Recipe and Review Data Analysis
Data Science Python
Introduction
In this project, we analyze a merged dataset of recipes and user ratings from Food.com to understand which recipe features drive higher average ratings. After cleaning and merging the recipe and interaction files, our final dataset contains 234429 recipes with 26 columns of information, including preparation time, ingredient count, and parsed nutritional values such as calories and protein before performing imputation based on univariate analysis.
Readers should care because knowing which factors influence recipe popularity can help home cooks choose or modify recipes for the best chance of success—and assist recipe sites in surfacing higher‐quality content
Column Descriptions
Recipe Dataset
Column Name | Description |
---|---|
name | Recipe name |
id | Recipe ID |
minutes | Minutes to prepare recipe |
contributor_id | User ID who submitted this recipe |
submitted | Date recipe was submitted |
tags | Food.com tags for recipe |
nutrition | Nutrition information in the form [calories (#), total fat (PDV), sugar (PDV), sodium (PDV), protein (PDV), saturated fat (PDV), carbohydrates (PDV)] ; PDV stands for “percentage of daily value” |
n_steps | Number of steps in recipe |
steps | Text for recipe steps, in order |
description | User-provided description |
Interaction Dataset
Column Name | Description |
---|---|
user_id | User ID |
recipe_id | Recipe ID |
date | Date of interaction |
rating | Rating given |
review | Review text |
Data Cleaning and Exploreatory Data Analysis
Data Cleaning
-
Merging: We left-joined the recipes and interactions tables on id/recipe_id.
-
Zero–Rating Imputation: All
rating == 0
values were replaced with NaN, since a zero almost certainly indicates a missing or invalid review. -
Nutrition Parsing: The raw nutrition strings (e.g. “[422, 11, 6, …]”) were converted to lists via ast.literal_eval, then unpacked into separate columns: calories, total_fat, sugar, sodium, protein, saturated_fat, and carbohydrates.
-
Outlier Removal (minutes): We dropped any recipes with minutes < 1 or minutes > 10 000 to remove obvious data‐entry errors.
Note: This outlier removal was performed after visualizing the original results from the univariate analysis of the
minutes
column, which revealed a few recipes with unusually high preparation times.
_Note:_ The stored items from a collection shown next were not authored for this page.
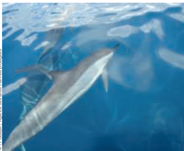
Dauphins vus d'avion, près de Mayotte.

« Cette méthode de comptage, par survol en zigzag à faible altitude, permet d'accéder à des zones où la mer est mouvoise, comme la côte « ou vent » des Antilles, et de couvrir de grandes distances. Elle fait donc exploser le nombre d'observations », commente le responsable scientifique de l'Agence. « Mais le bateau reste complémentaire, car il permet les études comportementales et le suivi individuel des animaux, en particulier grâce à la photo identification. En outre, l'utilisation de l'avion pose des questions environnementales. Le bilan carbone de la campagne est d'ailleurs en cours d'évaluation. »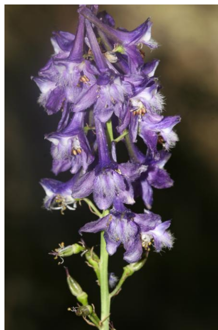
Delphinium fissum_Inflorescence - F. Andrieu, Gorges de la Carança (66) ; juillet 2010

Dans les Pyrénées-Orientales, une ancienne mention signale sa présence en forêt de Campilles, à la Collade, commune de Thuès-entre-Valls (Gautier, 1898).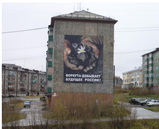
Иллюстрация 16: Рекламный плакат ВоркутаУголь «Воркута добывает будущее России!»

Однако в реальной жизни для многих респондентов шахтерская профессия сопряжена с риском для жизни и при этом мало оплачиваемая, а значит и не престижная. Эта точка зрения подкрепляется семейными историями, где отец или брат были шахтерами, и сегодня остались ни с чем, или получили производственную травму. Другими словами, благодаря современным визуальным образам создается воображаемое пространство, где через формирование локального патриотизма, символического убеждения, складывается чувство, что Воркута – необходима стране, что экономические трудности преодолимы, что впереди Воркуту ждет процветание и т.д.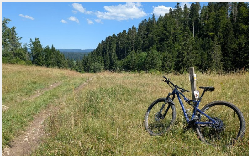
VTT Le Tarembert 3 (@CFD)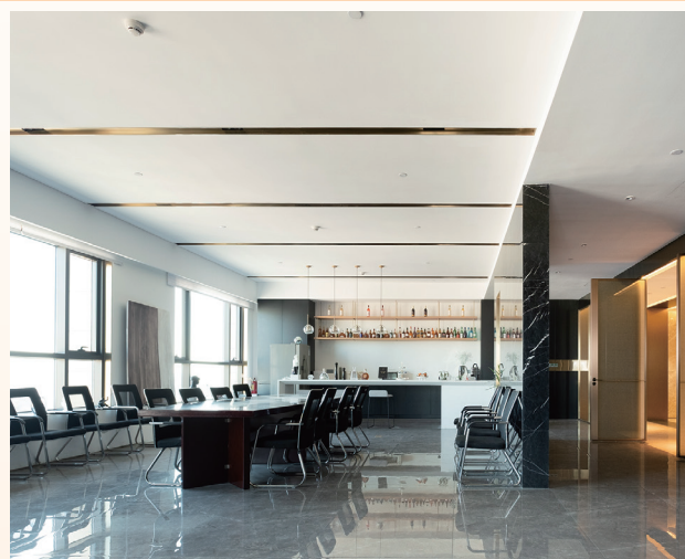
寫字樓大樓之多功能室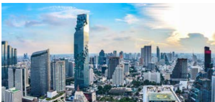
Mahanakorn Tower (Mixed-use Complex)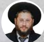
הרב אייל אונגור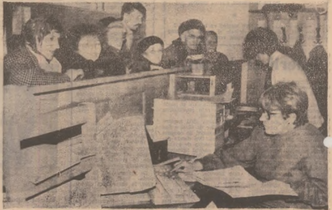
La biroul de relații cu publicul al Inspectoratului Teritorial de Stat pentru Handicapați Hunedoara — Deva zeci de persoane vin pentru a-și dobândi drepturile legale.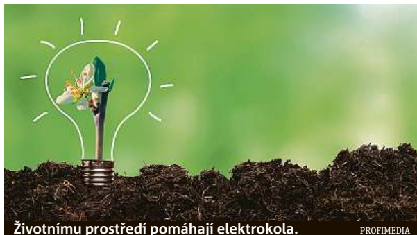
Životnímu prostředí pomáhají elektrokola.

Hodně lidí si čím dál více uvědomuje, že i drobné krůčky jednotlivců mohou pomoci zlepšit stav naší planety. Pochopily to i mnohé firmy, které k podobným krokům motivují své klienty a zákazníky. Programy tohoto typu, které lidem přinesou na oplátku také určitou odměnu, vnímá pozitivně podle loňského průzkumu společnosti Visa ve spolupráci s agenturou Ipsos až 70 procent Čechů. Jejich očekávání také často je, že se společnosti do sociální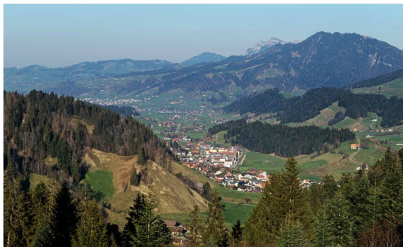
El escabroso terreno en los alrededores de Escholzmat (LU) no es adecuado para la agricultura. Las vacas, en cambio, se sienten a gusto allí.

Esta “ swissness ” falta muchas veces, sobre todo en las alternativas a la carne. En muchas ocasiones, los productos básicos vegetales no provienen de Suiza. En principio sería posible fabricar en Suiza alternativas vegetales a la carne ricas en proteínas y también cultivar las materias primas aquí, agrega Heine. Pero nuestro país está muy lejos de ese objetivo. En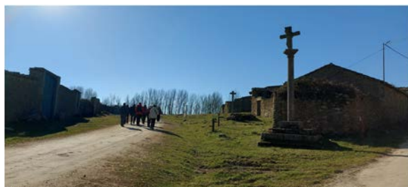
SOBRADILLO [SALAMANCA]: MIRADOR DEL MOLINILLO, MIRADOR DEL TORNO, BURACO Y CACHÓN DE LA DIABLA 1 de marzo de 2023. 12 km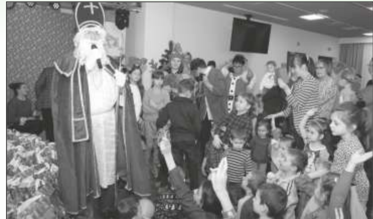
Tak w roku ubiegłym dzieci cieszyły się ze spotkania z Mikołajem.

Gratulujemy pomysłów i utrzymania tradycji pomimo trudnej sytuacji. Niech zadowolenie i roześmiane twarze dzieci będą najcenniejszą nagrodą za trud dla organizatorów tych spotkań. (P)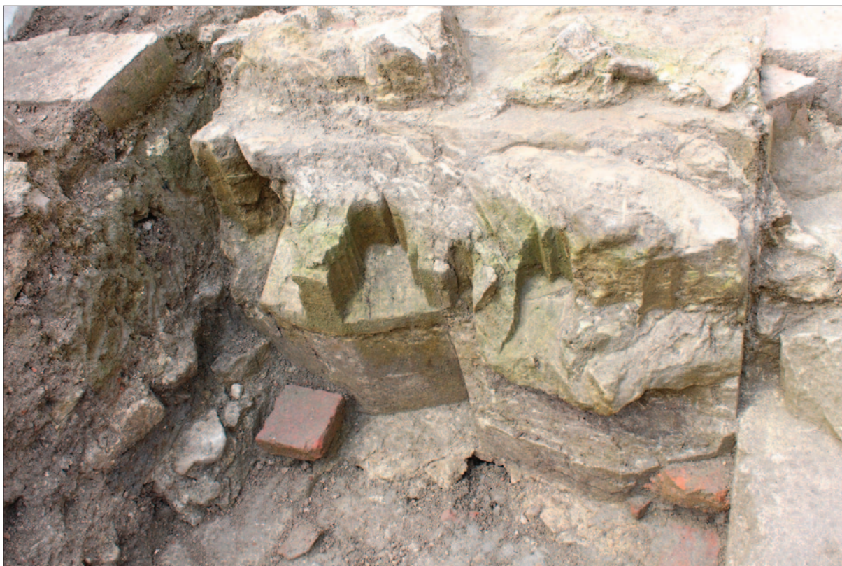
Sl. 3 Baze portala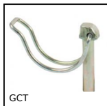
GCT Goupille clip pour tube, clip pour tube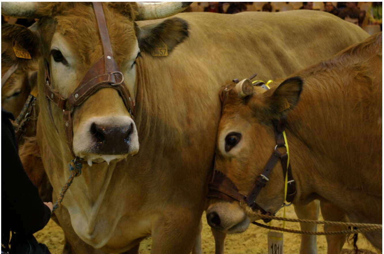
Cours de pointage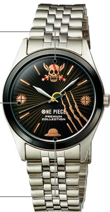
スタイリッシュな 銀色のメタルバンド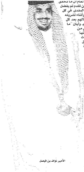
الأمير نواف بن فيصل

وأوضح نائب الرئيس العام ان ما حصل لقطاع الرياضة والشباب من تقدم تم بفضل الله ثم بتوجيهات الملك المفدى في كل مناسبة رياضية وشبابية، وأثناء تشریفه لأبنائه الرياضيين باستقبالهم بعد كل إنجاز يحققونه لوطنهم، وأبان ما حققه القطاع الرياضي من حضور بلادنا ورفع رايتهما الغالية على المستويات القارية والدولية لم يتحقق إلا بهذه الرعاية المباشرة الكريمة من لدن خادم الحرمين الشريفين، والأمير سلطان بن عبد العزيز ولي العهد نائب رئيس مجلس الوزراء وزير الدفاع والطيران والمفتش العام، وأضاف: إن ثقة خادم الحرمين ولي عهد الأمين ستكون دافعا للمزيد من العمل والإنجازات بمشيئة الله تعالى في مسجال الرياضة والشباب ويمتابة وتوجيه الأمير سلطان بن فهد الرئيس العام لرعاية الشباب ومواصلة شرف خدمة بلادنا الغالية في هذا العهد الزاهر اليمينون.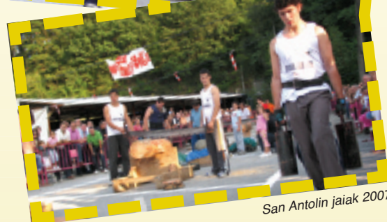
San Antolin jaiak 2007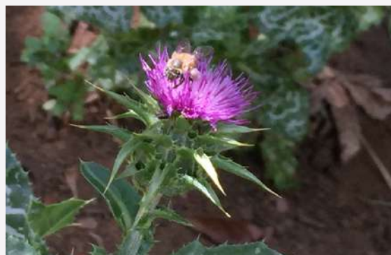
Flor Silybum marianum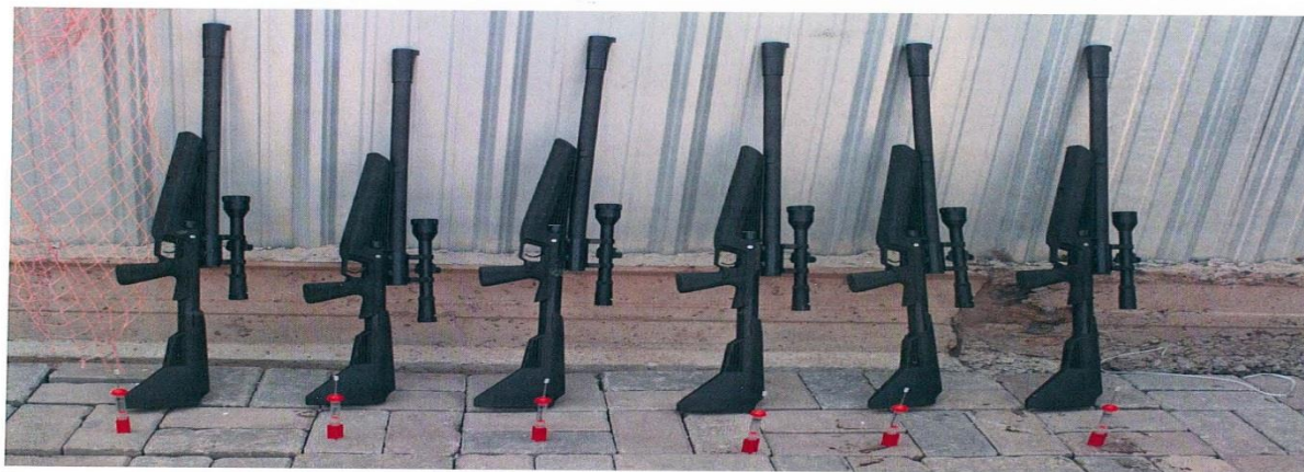
Шприцеметатель марки УВШ 3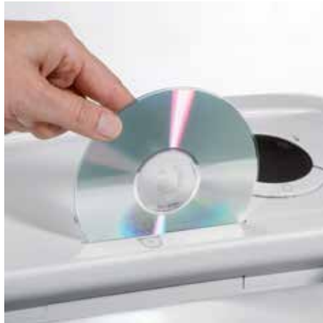
Separater Eingabeschlitz für CDs, DVDs, Scheck- und Kreditkarten garantiert eine sichere Vernichtung von optischen, magnetischen und/oder elektronischen Datenträgern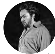
リチャード・マクベイン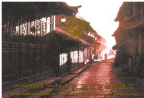
晨曦照耀著大研古城。

張藝謀執導的《印象麗江》觀後打幾分呢？給他70可以嗎？再添3分好了。他在桂林山水編導的《劉三姐》，我也看過。很長一段時間以來，張導似乎總供應諸如此類的大菜，他不是漸漸下崗了。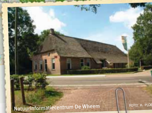
Natuurinformatiecentrum De Wheem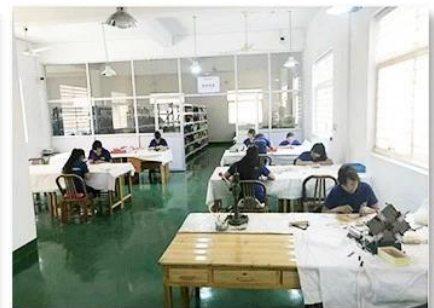
3. Assemble workshop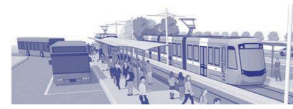
LRT化のイメージ

日本共産党は交通・移動の権利の確立を求めています。「規制緩和」などの市場競争万能路線を改め、国と自治体、事業者等の責任と共同で財源を確保します。どこに住んでも買い物や病院に行ける交通こそ必要です。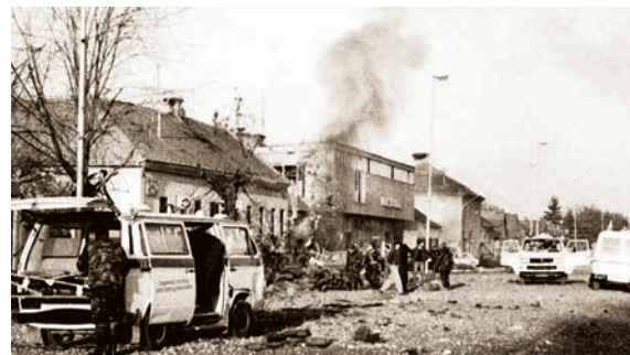
Bio je to najkrvaviji dan u povijesti ovog mjesta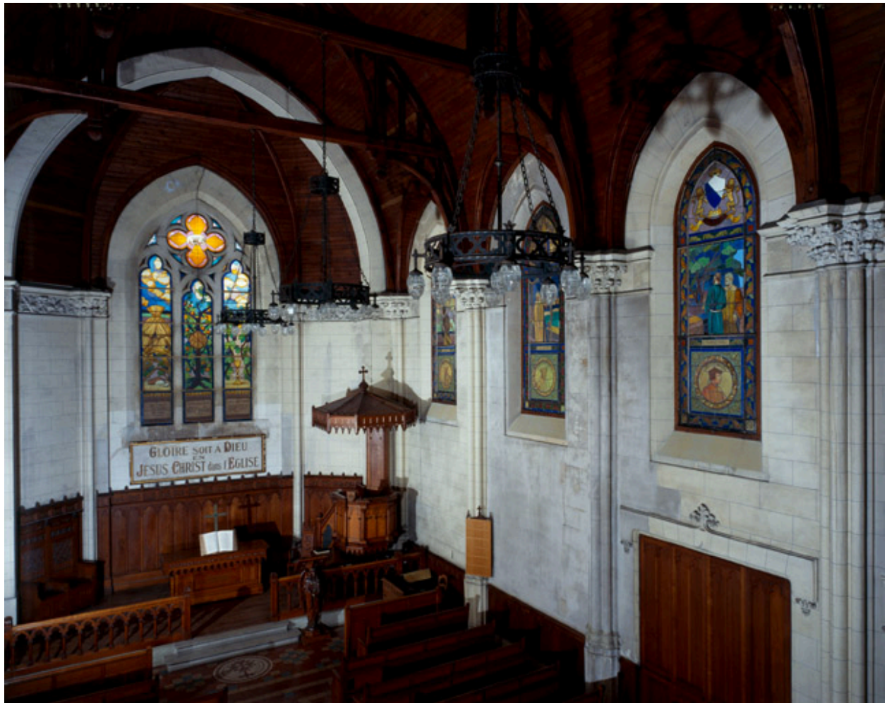
Vue intérieure prise de la tribune.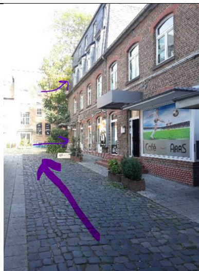
An Café Aras vorbei.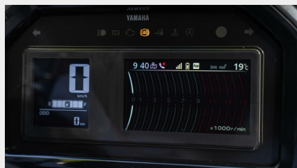
Tableau de bord TFT couleur de 4,2 pouces

Outre ses caractéristiques haut de gamme et son style raffiné, le XMAX 125 Tech MAX+ propose aussi des coloris dédiés qui renforcent sa position de scooter sportif haut de gamme. Que vous le choisissiez en Ceramic Grey ou en Dark Magma, vous pouvez être sûr que votre nouveau Tech MAX+ vous procurera un sentiment de bien-être et de fierté lors de tous vos déplacements.

This got us down to 234207 rows.
Univariate Analysis
We looked at the marginal distributions of our key predictors and response:
-
Preparation Time (minutes)
-
Preparation Time (minutes)
Most recipes take under an hour, with a long right‐hand tail of outliers (e.g. multi-day fermentations).
-
-
Average Rating (average_rating)
The average rating is skewed towards the upper range (4 - 5 stars), with a lean left tail. This suggests that most recipes are well-received, but there are some outliers with low ratings.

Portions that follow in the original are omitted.